We extracted the total RNA from rice plants using the RNeasy plant kit from Qiagen (Qiagen, Inc., Hilden, Germany). We verified the concentration and quality of the RNA samples using a NanoDrop® ND-1000 Spectrophotometer (NanoDrop Technologies, Wilmington, DE, USA). All PCR primers were designed using the Primer3 software (https://sourceforge.net/projects/primer3/). The PCR amplification conditions were: initial denaturing for 5 min at 94 °C; followed by 35 cycles of denaturation (1 min at 95 °C), annealing (30 s at 60 °C), and extension (1 min 30 s at 72 °C); and a final extension for 7 min at 72 °C. The DNA of downregulated genes was also evaluated to verify whether primers were not working due to sequence mismatches. DNA extraction and experiments were performed using the same method as the RNA method.

Results and discussion

Genome resequencing for SNP detection

To identify anthocyanin-related genes, we collected 17 rice accessions, which included nine accessions that do not produce anthocyanins (non-anthocyanin accessions) and eight accessions that produce high levels of anthocyanins (high-anthocyanin accessions). We mapped the preprocessed reads of these 17 accessions to the rice IRGSP-1.0 reference genome (http://rapdb.dna.affrc.go.jp/). The total read count was 2.74 billion reads (254.9 Gbp of nucleotides). On average, we generated 160.9 million reads per accession. The guanine–cytosine (GC) content ranged from 37.9 to 44.6%. The mapping percentage per accession was 97.5%. Therefore, we assumed that the resequencing data were sufficient for subsequent analysis. To investigate genome variation, we first identified a total of 1176,226 unique SNPs using the resequencing reads of the 17 accessions. Then, we screened 653,065 bi-allelic SNPs, in which exactly two alleles were observed. Finally, we identified a total of 172,922 SNPs after applying the HWE test. The number of variants within each chromosome ranged from 5783 to 34,371. Chromosome 2 contained the most variants and chromosome 12 contained the fewest variants. Most of the SNPs were located in intergenic (34.9%), upstream (25.1%), or downstream (22.9%) regions rather than in exons or introns. To predict the impact of amino acid changes on the 172,922 SNPs, we performed an impact analysis using the SnpEff software (http://snpeff.sourceforge.net/). We identified 590 high-impact SNPs (0.1%) leading to exon deletion, frame shift, or loss of a stop codon; 4374 low-impact SNPs (1.1%) leading to synonymous changes in coding regions; and 6335 moderate-impact SNPs leading to non-synonymous changes in coding regions or insertions or deletions of codons. To gain insight into the molecular evolution of the selected SNPs, we investigated the transitions (557,573 total) and transversions (232,492 total), and found a transition/transversion ratio of 2.398. This ratio is similar to a previous study, which reported that the transition/transversion ratio is typically around 2 (Strandberg and Salter 2004).

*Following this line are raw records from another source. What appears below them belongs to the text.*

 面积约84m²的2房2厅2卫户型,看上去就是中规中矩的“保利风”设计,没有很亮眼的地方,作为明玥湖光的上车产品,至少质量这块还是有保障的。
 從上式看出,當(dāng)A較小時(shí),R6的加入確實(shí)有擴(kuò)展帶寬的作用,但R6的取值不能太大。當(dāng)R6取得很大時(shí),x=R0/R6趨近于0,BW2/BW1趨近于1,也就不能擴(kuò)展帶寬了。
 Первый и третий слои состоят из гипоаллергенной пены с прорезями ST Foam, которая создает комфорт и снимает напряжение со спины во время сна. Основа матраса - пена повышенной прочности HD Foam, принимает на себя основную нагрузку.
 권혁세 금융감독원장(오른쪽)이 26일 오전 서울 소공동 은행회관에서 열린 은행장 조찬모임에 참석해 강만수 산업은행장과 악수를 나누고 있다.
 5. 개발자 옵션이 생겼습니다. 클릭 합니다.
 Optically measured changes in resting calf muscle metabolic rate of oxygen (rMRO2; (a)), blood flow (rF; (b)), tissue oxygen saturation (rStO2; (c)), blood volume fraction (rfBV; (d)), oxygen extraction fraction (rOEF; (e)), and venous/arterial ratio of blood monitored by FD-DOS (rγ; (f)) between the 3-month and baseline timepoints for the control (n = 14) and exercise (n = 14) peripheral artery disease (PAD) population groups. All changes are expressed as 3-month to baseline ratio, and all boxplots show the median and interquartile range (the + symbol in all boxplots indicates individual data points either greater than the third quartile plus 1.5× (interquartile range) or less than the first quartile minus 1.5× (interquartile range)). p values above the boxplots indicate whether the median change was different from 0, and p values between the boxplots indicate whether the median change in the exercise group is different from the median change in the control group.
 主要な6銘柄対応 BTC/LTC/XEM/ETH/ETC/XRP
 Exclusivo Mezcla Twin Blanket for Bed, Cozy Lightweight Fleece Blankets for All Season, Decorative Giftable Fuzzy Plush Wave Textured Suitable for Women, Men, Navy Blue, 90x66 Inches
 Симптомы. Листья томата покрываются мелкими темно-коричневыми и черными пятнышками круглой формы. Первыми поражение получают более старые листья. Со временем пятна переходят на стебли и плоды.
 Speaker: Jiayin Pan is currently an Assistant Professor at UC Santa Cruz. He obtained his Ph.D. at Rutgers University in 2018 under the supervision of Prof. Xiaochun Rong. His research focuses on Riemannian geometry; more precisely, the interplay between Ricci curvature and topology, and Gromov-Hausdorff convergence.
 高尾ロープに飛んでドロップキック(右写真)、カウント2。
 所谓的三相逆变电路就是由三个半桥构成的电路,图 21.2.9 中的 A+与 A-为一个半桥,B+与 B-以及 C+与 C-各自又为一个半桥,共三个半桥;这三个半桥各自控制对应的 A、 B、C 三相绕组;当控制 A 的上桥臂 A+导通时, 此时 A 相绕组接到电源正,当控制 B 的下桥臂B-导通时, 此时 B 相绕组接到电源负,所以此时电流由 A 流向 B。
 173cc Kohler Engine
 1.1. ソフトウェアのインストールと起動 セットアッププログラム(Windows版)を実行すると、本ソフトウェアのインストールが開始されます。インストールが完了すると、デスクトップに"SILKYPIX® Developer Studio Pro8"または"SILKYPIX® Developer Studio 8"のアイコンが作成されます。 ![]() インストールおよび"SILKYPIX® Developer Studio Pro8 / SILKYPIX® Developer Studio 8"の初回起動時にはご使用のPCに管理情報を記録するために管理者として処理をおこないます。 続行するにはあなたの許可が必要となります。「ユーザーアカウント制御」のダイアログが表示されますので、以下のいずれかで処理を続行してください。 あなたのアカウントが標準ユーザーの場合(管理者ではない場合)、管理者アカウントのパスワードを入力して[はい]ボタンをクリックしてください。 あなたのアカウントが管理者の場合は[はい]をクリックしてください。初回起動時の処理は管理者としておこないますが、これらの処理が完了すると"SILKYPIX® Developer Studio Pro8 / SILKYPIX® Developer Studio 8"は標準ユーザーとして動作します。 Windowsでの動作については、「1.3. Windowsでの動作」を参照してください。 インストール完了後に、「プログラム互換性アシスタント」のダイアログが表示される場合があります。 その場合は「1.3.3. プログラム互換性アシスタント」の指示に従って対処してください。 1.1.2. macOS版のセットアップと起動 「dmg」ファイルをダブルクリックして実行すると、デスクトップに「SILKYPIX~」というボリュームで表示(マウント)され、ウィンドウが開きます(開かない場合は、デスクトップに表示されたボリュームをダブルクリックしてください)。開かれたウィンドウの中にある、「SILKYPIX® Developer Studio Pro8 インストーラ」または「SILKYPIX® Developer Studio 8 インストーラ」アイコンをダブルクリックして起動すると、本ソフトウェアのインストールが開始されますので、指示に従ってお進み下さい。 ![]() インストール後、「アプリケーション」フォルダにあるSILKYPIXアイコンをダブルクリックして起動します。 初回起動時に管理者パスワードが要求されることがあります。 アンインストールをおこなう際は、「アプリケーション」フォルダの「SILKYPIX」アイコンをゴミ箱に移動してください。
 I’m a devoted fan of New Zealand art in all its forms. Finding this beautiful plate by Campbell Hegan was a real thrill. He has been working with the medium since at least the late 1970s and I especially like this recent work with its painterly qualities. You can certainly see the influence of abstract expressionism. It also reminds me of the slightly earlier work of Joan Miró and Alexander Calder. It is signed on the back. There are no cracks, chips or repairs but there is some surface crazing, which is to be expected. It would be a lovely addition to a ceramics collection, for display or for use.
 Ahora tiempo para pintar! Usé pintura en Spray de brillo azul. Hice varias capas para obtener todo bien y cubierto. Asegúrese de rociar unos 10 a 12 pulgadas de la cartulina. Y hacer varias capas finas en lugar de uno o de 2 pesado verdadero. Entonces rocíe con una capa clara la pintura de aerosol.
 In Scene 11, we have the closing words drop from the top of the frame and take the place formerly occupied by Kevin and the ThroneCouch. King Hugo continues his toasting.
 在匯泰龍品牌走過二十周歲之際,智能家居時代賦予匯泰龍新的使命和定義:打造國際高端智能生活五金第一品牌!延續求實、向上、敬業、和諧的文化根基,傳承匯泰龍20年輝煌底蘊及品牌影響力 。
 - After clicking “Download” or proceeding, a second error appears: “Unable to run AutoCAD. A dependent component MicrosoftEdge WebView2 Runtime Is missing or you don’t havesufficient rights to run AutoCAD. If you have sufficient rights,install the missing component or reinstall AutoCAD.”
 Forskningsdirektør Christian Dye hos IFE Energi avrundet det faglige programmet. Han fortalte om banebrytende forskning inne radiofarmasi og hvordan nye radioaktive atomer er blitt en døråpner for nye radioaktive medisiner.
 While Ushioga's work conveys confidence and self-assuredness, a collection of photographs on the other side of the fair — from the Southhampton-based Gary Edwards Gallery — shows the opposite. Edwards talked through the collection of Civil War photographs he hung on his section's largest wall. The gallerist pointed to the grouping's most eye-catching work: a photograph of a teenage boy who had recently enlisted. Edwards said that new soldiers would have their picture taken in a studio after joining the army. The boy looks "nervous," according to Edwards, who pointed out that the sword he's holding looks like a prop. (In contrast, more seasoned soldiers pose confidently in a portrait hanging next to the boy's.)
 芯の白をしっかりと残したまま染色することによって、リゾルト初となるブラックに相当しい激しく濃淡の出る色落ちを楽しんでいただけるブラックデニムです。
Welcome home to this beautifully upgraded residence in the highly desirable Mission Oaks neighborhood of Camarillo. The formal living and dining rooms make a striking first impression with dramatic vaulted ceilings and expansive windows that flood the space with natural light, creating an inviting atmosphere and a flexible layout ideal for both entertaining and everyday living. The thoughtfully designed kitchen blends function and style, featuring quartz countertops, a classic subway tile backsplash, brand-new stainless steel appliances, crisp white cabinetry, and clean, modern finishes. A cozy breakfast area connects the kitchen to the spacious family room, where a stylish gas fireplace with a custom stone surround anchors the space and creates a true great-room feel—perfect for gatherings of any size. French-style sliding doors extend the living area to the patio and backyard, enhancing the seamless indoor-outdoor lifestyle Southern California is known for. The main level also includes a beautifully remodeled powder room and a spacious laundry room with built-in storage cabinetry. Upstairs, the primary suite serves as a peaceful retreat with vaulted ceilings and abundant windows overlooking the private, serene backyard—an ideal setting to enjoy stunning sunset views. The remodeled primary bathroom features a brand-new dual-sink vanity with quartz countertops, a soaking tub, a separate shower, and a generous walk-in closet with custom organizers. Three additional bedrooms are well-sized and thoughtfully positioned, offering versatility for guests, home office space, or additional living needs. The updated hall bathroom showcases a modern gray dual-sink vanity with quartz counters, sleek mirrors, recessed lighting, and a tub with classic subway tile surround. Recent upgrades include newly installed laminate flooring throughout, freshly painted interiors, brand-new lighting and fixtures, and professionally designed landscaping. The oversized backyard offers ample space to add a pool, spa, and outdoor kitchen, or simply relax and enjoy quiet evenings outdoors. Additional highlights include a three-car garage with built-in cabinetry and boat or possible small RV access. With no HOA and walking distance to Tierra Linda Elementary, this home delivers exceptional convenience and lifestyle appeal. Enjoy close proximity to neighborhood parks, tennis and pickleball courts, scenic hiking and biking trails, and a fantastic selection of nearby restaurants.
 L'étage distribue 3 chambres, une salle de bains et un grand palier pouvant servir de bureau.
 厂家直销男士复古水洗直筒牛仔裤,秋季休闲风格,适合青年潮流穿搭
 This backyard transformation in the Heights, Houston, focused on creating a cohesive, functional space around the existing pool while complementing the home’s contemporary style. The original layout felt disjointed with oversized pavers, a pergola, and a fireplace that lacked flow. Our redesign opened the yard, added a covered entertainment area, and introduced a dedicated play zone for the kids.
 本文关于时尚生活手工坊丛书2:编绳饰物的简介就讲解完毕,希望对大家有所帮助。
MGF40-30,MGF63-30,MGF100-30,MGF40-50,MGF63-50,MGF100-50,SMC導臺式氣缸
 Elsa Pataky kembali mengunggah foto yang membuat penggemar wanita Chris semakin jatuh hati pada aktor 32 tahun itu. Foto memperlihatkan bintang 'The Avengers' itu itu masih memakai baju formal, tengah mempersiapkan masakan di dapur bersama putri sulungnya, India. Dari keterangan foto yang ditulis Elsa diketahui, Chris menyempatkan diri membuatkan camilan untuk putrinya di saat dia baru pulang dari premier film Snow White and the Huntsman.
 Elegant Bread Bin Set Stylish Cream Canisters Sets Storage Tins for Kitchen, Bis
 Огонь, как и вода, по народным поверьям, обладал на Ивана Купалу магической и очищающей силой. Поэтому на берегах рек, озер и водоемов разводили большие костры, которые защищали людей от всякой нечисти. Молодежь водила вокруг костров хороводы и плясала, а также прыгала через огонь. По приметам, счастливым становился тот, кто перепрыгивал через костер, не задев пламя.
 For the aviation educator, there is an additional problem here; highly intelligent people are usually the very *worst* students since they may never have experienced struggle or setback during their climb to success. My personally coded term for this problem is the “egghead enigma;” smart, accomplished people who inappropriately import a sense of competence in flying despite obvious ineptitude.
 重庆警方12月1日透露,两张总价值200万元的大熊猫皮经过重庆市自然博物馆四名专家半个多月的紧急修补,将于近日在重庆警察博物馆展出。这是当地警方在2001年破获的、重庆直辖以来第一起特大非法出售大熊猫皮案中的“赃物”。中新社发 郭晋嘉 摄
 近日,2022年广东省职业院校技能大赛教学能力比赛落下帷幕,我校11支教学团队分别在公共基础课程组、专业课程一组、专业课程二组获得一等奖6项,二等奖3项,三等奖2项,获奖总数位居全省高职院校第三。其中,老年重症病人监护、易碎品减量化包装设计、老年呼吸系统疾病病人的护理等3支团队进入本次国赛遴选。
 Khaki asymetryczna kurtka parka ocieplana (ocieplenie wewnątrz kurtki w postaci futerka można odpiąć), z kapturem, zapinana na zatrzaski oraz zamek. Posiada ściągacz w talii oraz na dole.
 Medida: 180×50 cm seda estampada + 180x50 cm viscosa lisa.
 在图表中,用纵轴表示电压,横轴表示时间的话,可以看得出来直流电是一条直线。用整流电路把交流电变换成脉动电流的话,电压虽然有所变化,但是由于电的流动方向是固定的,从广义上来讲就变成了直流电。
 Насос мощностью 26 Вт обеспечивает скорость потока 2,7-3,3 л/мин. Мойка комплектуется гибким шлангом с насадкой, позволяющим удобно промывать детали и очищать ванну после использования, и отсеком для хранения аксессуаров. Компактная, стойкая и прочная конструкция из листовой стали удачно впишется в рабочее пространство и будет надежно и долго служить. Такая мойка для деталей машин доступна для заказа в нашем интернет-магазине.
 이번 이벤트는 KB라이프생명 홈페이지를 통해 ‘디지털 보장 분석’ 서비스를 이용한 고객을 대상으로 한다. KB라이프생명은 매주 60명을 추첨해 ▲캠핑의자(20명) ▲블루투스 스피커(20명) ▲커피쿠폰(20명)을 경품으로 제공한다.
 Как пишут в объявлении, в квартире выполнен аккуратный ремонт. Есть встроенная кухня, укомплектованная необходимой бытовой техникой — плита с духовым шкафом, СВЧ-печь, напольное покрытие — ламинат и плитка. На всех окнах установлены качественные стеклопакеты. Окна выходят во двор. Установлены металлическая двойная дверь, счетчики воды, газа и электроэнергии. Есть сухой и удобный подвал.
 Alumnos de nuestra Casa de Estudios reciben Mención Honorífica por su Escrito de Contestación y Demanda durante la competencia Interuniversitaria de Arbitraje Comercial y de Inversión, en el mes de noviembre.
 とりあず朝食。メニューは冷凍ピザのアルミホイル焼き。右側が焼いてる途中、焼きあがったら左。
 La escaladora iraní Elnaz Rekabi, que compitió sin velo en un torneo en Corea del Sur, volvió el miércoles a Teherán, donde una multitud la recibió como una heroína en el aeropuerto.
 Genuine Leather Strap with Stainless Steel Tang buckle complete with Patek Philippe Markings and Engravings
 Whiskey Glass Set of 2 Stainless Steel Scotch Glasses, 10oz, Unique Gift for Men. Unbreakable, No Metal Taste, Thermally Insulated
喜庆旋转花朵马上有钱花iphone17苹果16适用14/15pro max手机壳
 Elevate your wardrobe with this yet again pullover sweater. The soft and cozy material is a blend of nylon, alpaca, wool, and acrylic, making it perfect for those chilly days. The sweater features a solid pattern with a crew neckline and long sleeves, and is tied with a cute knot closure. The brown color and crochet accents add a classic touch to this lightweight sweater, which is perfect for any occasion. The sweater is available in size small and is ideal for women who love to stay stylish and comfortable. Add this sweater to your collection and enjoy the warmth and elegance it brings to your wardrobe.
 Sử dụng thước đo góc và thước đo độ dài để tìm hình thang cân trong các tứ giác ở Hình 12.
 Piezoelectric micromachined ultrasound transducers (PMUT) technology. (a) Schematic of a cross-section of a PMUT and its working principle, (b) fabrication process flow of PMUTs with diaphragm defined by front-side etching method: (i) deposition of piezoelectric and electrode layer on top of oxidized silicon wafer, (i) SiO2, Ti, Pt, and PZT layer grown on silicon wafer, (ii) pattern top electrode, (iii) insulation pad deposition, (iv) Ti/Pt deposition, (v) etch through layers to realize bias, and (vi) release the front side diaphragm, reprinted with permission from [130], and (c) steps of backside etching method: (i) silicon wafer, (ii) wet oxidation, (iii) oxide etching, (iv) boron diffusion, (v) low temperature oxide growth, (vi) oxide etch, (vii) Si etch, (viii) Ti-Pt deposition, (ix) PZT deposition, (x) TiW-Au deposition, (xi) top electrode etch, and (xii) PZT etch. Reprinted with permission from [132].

Inference of the population structure

We estimated the population structure using FRAPPE on the 172,922 SNPs. We analyzed ancestry by increasing the number of clusters, K, from 2 to 6. At K = 2, the non-anthocyanin accessions were not distinctly separated from the high-anthocyanin accessions. At K = 4, the A7 and A8 high-anthocyanin accessions (i.e., colored rice) separated from the other high-anthocyanin accessions (i.e., black rice; Fig. 2a). These results suggest that there is no difference in genetic structure between high-anthocyanin and non-anthocyanin accessions despite the presence of a few differences in genetic traits. PCA resulted in a similar conclusion: non-anthocyanin accessions tended to separate from the high-anthocyanin accessions, and the high-anthocyanin accessions showed a high degree of relatedness (Fig. 2b). PCA corrects for population stratification in genome-wide association studies (Price et al. 2006); therefore, we compared the relationship between the two methods. However, we did not obtain significant results for population-specific diversity related to major principal components due to our small sample size.

Fig. 2

Population structure of the 17 rice accessions on the rice reference genome. a A graph of the population structure based on 172,922 single-nucleotide polymorphisms (SNPs) using the FRAPPE program. Each accession is represented by a vertical column. The K value represents the cluster number. Clusters of the same color have a similar genetic structure. Red none-anthocyanin genetic structure, blue anthocyanin genetic structure, dark blue flavonoid genetic structure, other colors unknown genetic structure. b Results of the principal component analysis. N1–N9 (in red) represent the none-anthocyanin accessions; A1–A8 (in black) represent the high-anthocyanin accessions (black rice, A1–A6; colored rice, A7–A8)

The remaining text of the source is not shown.